Exercise
Each line in the material below, starting at the one that contains "3-tlg. Raumteiler Handgeschnitzt" and ending at the one that contains "Uiteindelijk sloop van", should be repeated exactly; the pictures should not.

Dataset
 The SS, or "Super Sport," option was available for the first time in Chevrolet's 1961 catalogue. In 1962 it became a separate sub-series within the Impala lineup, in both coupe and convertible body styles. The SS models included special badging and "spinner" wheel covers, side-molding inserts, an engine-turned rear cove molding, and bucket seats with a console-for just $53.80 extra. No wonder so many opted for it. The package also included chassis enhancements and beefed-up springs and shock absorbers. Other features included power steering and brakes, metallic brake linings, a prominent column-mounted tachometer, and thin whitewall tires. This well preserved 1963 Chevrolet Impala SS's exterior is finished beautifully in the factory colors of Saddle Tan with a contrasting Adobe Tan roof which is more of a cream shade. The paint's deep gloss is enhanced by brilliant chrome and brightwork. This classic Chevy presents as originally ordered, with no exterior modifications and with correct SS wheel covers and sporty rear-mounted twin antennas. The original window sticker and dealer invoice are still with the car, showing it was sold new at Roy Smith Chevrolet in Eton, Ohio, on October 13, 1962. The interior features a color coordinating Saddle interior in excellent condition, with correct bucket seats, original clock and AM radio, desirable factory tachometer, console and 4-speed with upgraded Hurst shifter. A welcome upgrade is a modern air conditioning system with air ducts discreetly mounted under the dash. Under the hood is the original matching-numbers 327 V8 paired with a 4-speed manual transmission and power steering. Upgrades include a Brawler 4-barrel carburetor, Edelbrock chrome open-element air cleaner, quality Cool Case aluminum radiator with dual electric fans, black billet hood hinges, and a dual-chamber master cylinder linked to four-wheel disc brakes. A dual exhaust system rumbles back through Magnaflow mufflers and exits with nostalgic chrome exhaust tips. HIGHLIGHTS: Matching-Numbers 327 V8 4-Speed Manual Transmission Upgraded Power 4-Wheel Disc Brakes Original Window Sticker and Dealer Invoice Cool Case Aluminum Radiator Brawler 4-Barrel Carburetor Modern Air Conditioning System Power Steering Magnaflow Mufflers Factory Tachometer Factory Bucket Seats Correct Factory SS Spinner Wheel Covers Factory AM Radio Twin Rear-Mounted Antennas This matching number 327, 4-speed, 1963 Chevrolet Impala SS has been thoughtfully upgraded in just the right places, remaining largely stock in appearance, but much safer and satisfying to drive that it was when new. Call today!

* * *

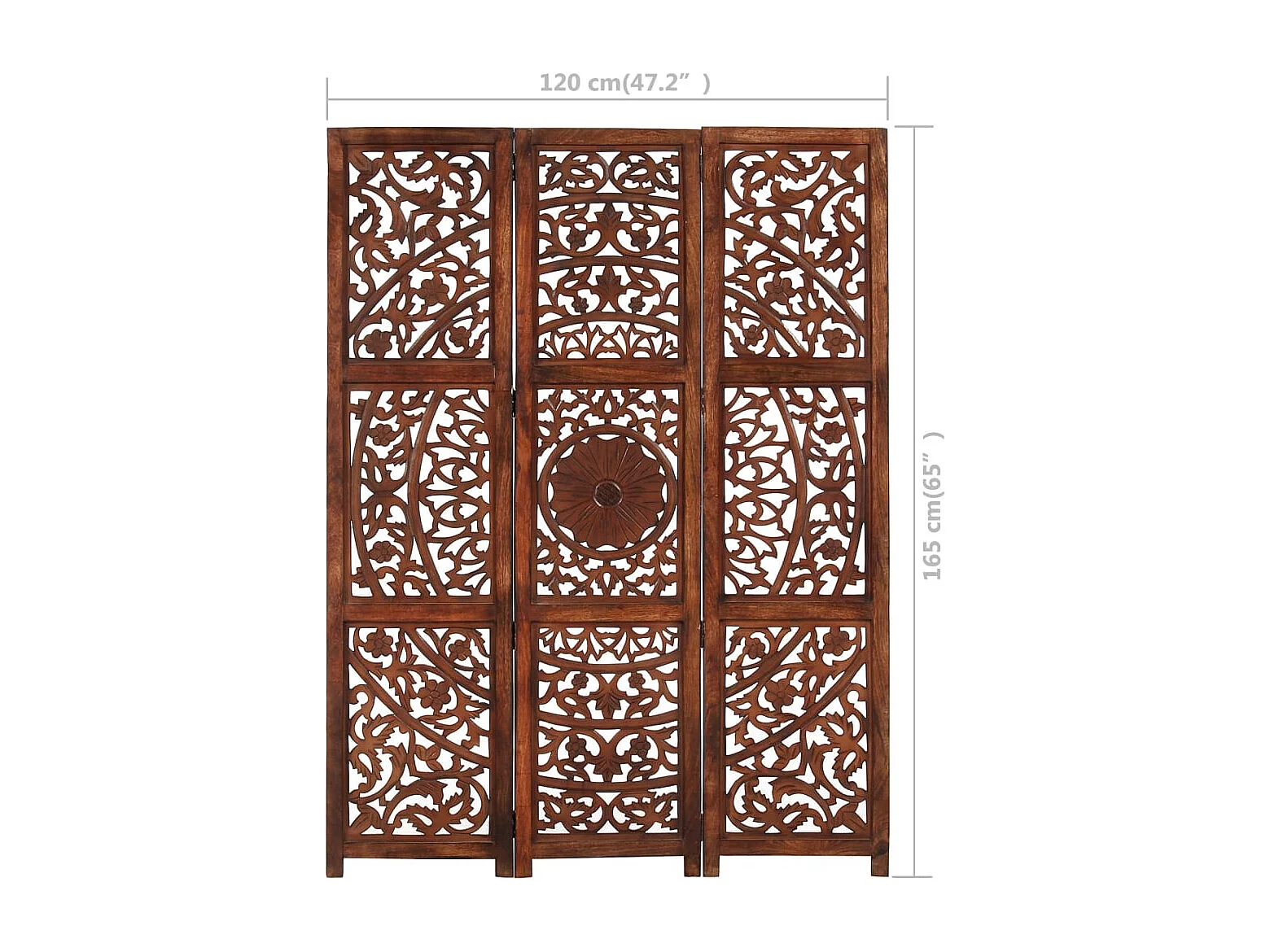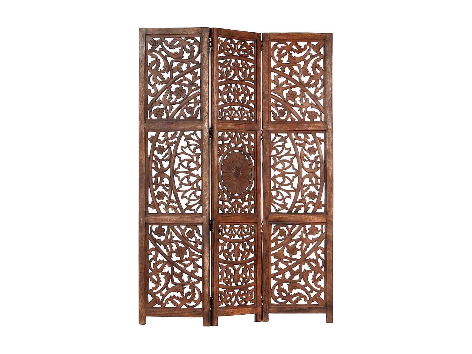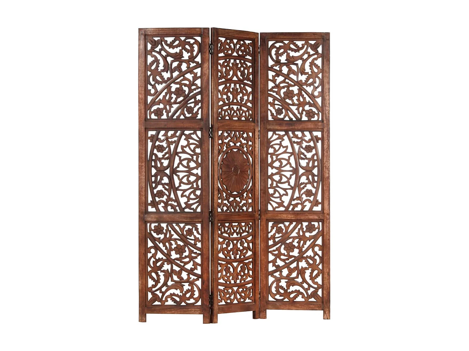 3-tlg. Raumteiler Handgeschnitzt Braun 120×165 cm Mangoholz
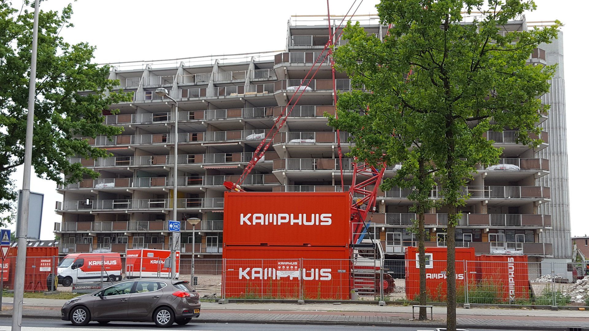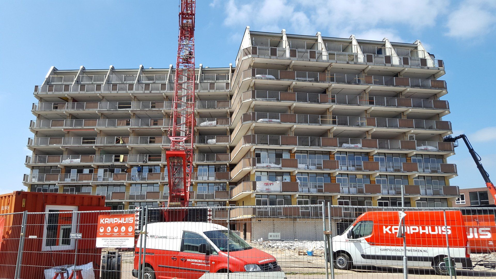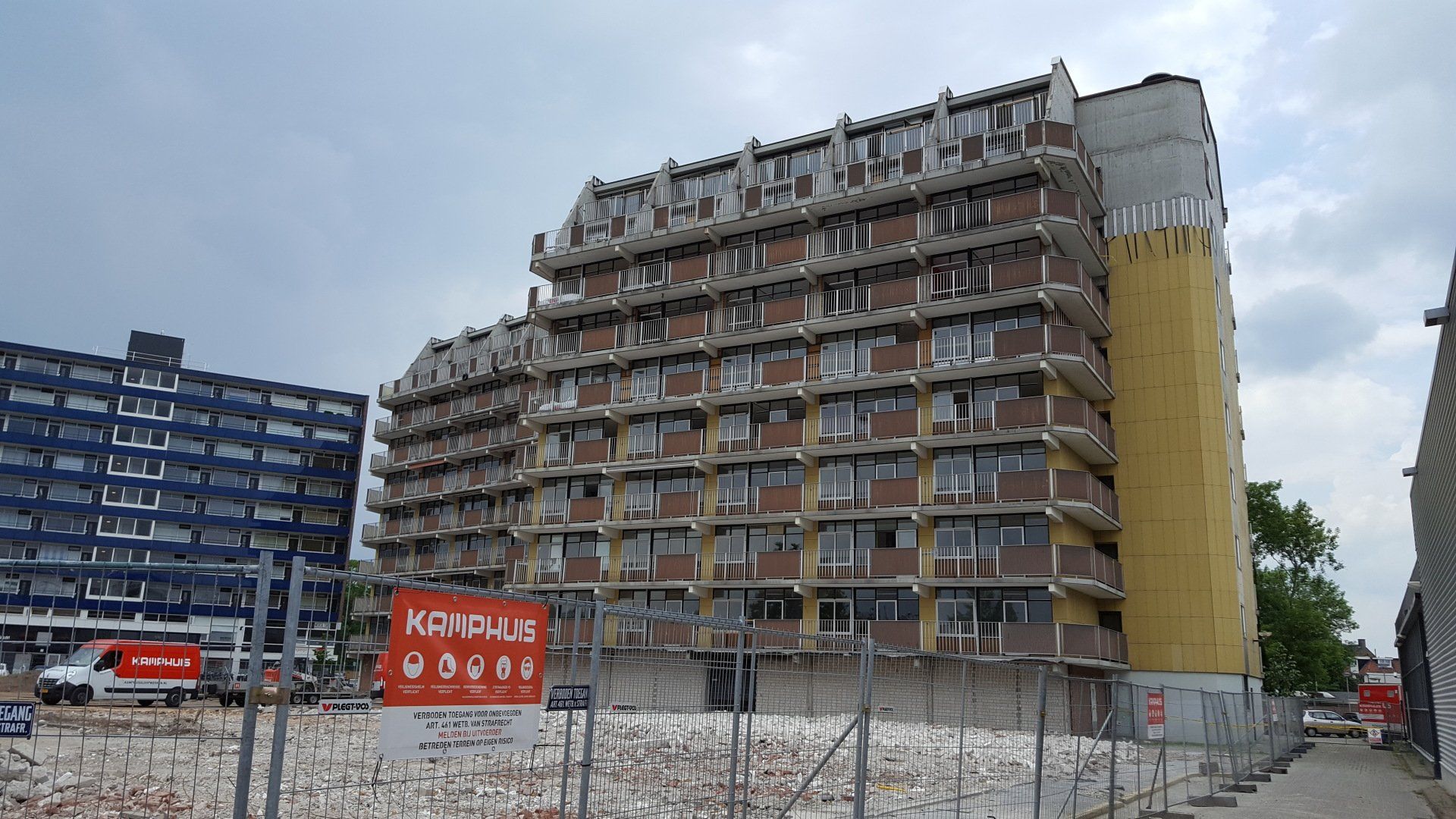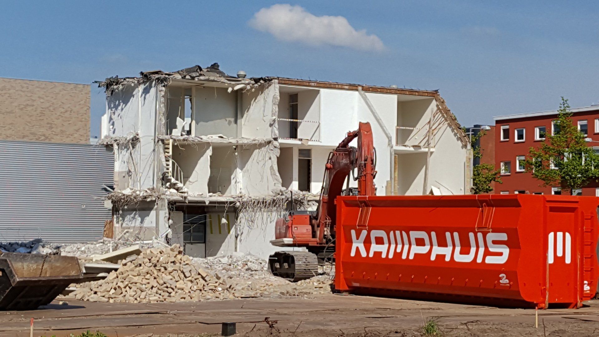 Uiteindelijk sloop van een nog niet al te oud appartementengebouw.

Solution to this task
 3-tlg. Raumteiler Handgeschnitzt Braun 120×165 cm Mangoholz
 Uiteindelijk sloop van een nog niet al te oud appartementengebouw.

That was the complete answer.